Don’t Be A Fair Weather Friend

on in Nonprofit

We now know we’re facing what may be the tightest economy of our lifetimes.  (At least I hope so…)

We also know that donors, whether affluent or just getting by, feel less able to give during uncertain economic times, and that all go through more soul-searching before contributing.. 

This is a time of reflection and a time to return to the basic principles of fundraising, first and foremost of which is:

Fundraising is about values and about relationships, not about moneyMoney is simply the currency through which moral and social priorities are expressed.

In that vein, some thoughts…

Don’t be a fair-weather friend.  Reach out to your supporters and talk about what is happening, to them and to your organization.  Express your understanding and sympathy for what may be a very difficult time.  Let them know your relationship to them extends beyond their moments of generosity, which will surely return, in time.

For those who continue to give, let them know how much you appreciate that continued support, particularly at this moment.

For those who can’t, express your intention to maintain the relationship and to ask at a more opportune time.

Your board members can help with this outreach – reinforcing the teachable moment that fundraising is about relationships, not just asking for money.

Accept help in all forms.  Offer opportunities for people to donate their time as volunteers or to provide in-kind goods and services.  Be creative in providing supporters ways to stay involved, even if cash is tight.

As donors align their giving with their financial capacity, you want to make sure that those who share your values are able to continue to travel along with you, whatever shape that takes.

Repeat after me: Fundraising is Friendraising.
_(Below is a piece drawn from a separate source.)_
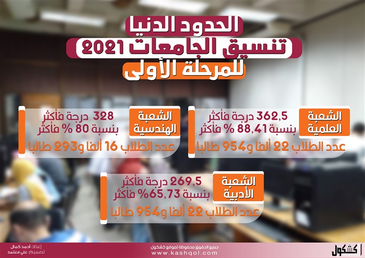 جراف انفوجراف.. الحدود الدنيا لتنسيق الجامعات المرحلة الأولى أحمد كمال الثلاثاء 17/أغسطس/2021 - 06:33 م 8/17/2021 6:33:00 PM طباعة facebook twitter whats شارك تنسيق الجامعات المرحلة الاولى الحدود الدنيا الجامعات التنسيق
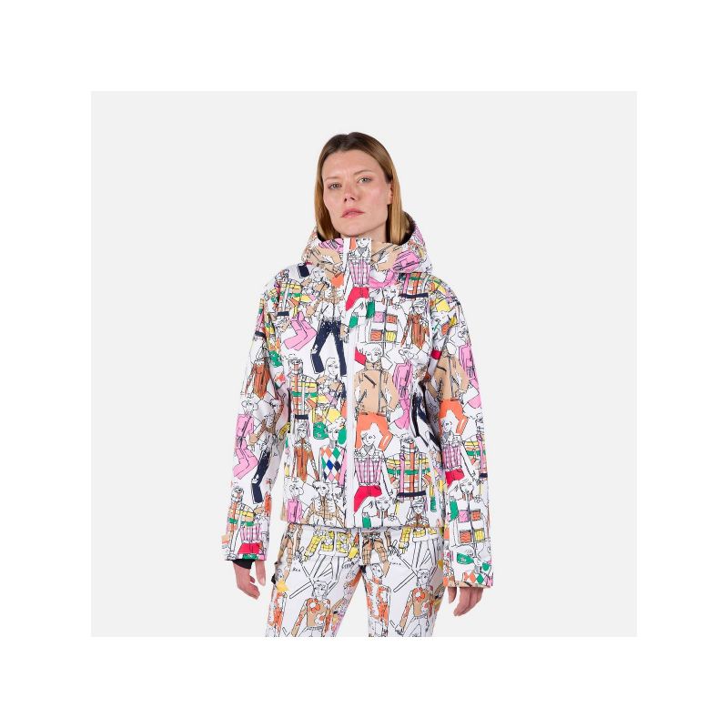 The Rossignol Sublime Stretch Ski Jacket for women is a stylish blend of alpine spirit and urban chic, resulting from the latest collaboration with French designer Jean-Charles de Castelbajac. A vibrant blend of graphics, created specifically for this collection, gives the jacket a unique character. This jacket offers comfort in all conditions thanks to low-profile insulation that effectively insulates against the cold and a fully seam-sealed, waterproof construction that blocks moisture. Stretch fabric allows for freedom of movement, so you can easily conquer the slopes in JCC style.

While aggressive approaches to attract new donations may not be timely, this is still an opportune time to cultivate new friends and get existing friends to learn more about your work, particularly if you can link your mission to meeting needs which arise from economic hardship.

Donors ‘R Us.  Establishing some common bonds around our anxieties – and some constructive responses – can emphasize to supporters that we are all in this together, as peers.  The bottom line is: we’re going to make it through, and we’re only going to make it through, if we stand together with our supporters as partners.